TOKYO - The Japanese government decided Friday to delay the removal of spent fuel from the Fukushima Daiichi nuclear power plant's Nos. 1 and 2 reactors by as much as five years, casting doubt on whether it can stick to its timeframe for dismantling the crippled complex.

The process of removing the spent fuel from the units' pools had previously been scheduled to begin in the year through March 2024.

In its latest decommissioning plan, the government said the plant's operator, Tokyo Electric Power Company Holdings Inc., will not begin the roughly two-year process at the No. 1 unit at least until the year through March 2028 and may wait until the year through March 2029.

Work at the No. 2 unit is now slated to start between the year through March 2025 and the year through March 2027, it said.

The delay is necessary to take further safety precautions such as the construction of an enclosure around the No. 1 unit to prevent the spread of radioactive dust, and decontamination of the No. 2 unit, the government said. It is the fourth time it has revised its schedule for removing the spent fuel rods.

"It's a very difficult process and it's hard to know what to expect. The most important thing is the safety of the workers and the surrounding area," industry minister Hiroshi Kajiyama told a press conference.

The government set a new goal of finishing the removal of the 4,741 spent fuel rods across all six of the plant's reactors by the year through March 2032.

TEPCO has started the process at the No. 3 unit and already finished at the No. 4 unit, which was off-line for regular maintenance at the time of the disaster. A schedule has yet to be set for the Nos. 5 and 6 reactors.

While the government maintained its overarching timeframe of finishing the decommissioning of the plant 30 to 40 years from the 2011 crisis triggered by a magnitude 9.0 earthquake and tsunami, there may be further delays.

The government said it will begin removing fuel debris from the three reactors that experienced core meltdowns in the year through March 2022, starting with the No. 2 unit.

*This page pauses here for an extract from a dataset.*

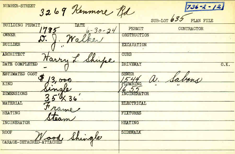 3269 Kenmore Road Shaker Heights, OH 44122 PARCEL ID: 736-02-012 Building Permit Date: 06-30-1924 Plan File Number: 0 Neighborhood: Fernway Owner: Walker, D. J. Builder: Walker, D. J. Architect: Shupe, Harry L. Estimated Cost: 13000 Kind: Single, Single Residence or Dwelling Material: Frame Heating: Steam Roof: Wood Shingle Card Available: yes |

The process, considered the most difficult part of the decommissioning plan, will involve using a robot arm to initially remove small amounts of debris, moving up to larger amounts.

The government also said it will aim to reduce the pace at which contaminated water at the plant increases. Water for cooling the melted cores, mixed with underground water, amounts to around 170 tons a day. That number will be brought down to 100 tons by 2025, it said.

The water is being treated to remove the most radioactive materials and stored in tanks on the plant's grounds, but already more than 1 million tons has been collected and space is expected to run out by the summer of 2022.